Trying to do some shop photography of the completed project. Too many cobwebs getting all over things. Still, it is the most light in my house.

With my all time favorite tool of all time, for this week, a (sometimes sharp) Ticonderoga #2 pencil.

here it is!

Pacifier for scale.

Amazon echo dot for scale, next to big-brother tissue box.

a peek inside!

power tools (dw735 and laguna 14|12) used for stock prep, the rest by hand. cutting up a bit of scrap maple. I started with one side planed flat and smothed, cut off a slice overfat so I can remove the saw marks. 

double-sided tape like you'd use on the lathe to a backer of MDF to send through the thicknesser so it can go nice and thin without getting pulled up into the blades.

using mdf as a fence for the shoulder plane to set the rabbet. this distance is for the *depth* of the rabbet it in the final box, the width is set by how many passes you take.

Obligatory shaving picture.

And this is what we want, one continuous piece with two rabbets. now all we have to do is chop it up and glue it back together.

Sawing is rough work, shooting hones it.
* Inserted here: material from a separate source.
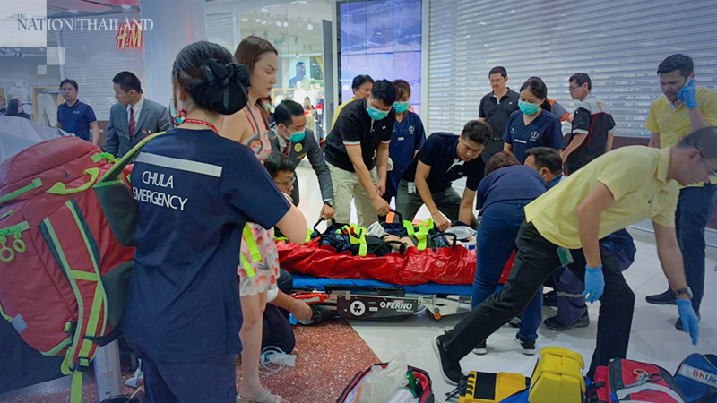 CentralWorld quickly transferred the injured boy to a nearby hospital. The store clarified that the boy had fallen in the central area from the third level, not the fifth level, based on a witness account. The student is conscious, and is awaiting a brain x-ray scan result.

This donkey's ear isn't the best, but it does the job.. especially for small boxes like this.

basic workflow: rough cut on the left, then shoot to refinement. 

Blue tape, not only because this is .a FWW-inspired build, but also because it is the best way to "clamp" small boxes. just put all the parts on a big piece of tape, put in your glue, and then roll the tape back up. 

Continuous grain, shot 1

Continuous grain, shot 2

Starting to work on the lift, roughing out the shape.
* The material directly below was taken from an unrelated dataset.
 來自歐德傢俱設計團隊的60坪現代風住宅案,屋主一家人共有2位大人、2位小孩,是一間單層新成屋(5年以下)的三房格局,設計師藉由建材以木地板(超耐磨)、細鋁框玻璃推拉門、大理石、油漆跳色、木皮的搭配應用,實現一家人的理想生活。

...and my guess of the proportions was way off.

Refine the form, with rasp and then file.

yes, it is not in the center of my vise, but so little pressure is required. for this operation, i use less pressure than brushing my teeth.

Much better.

with the lid down.

I tried to follow how MEK suggested in his blog -- put some brads through, snip them short, then glue and attach the lift.

tin snips to right-size the brads

coming together!

1 comment

Such a beautiful box! Thanks for sharing.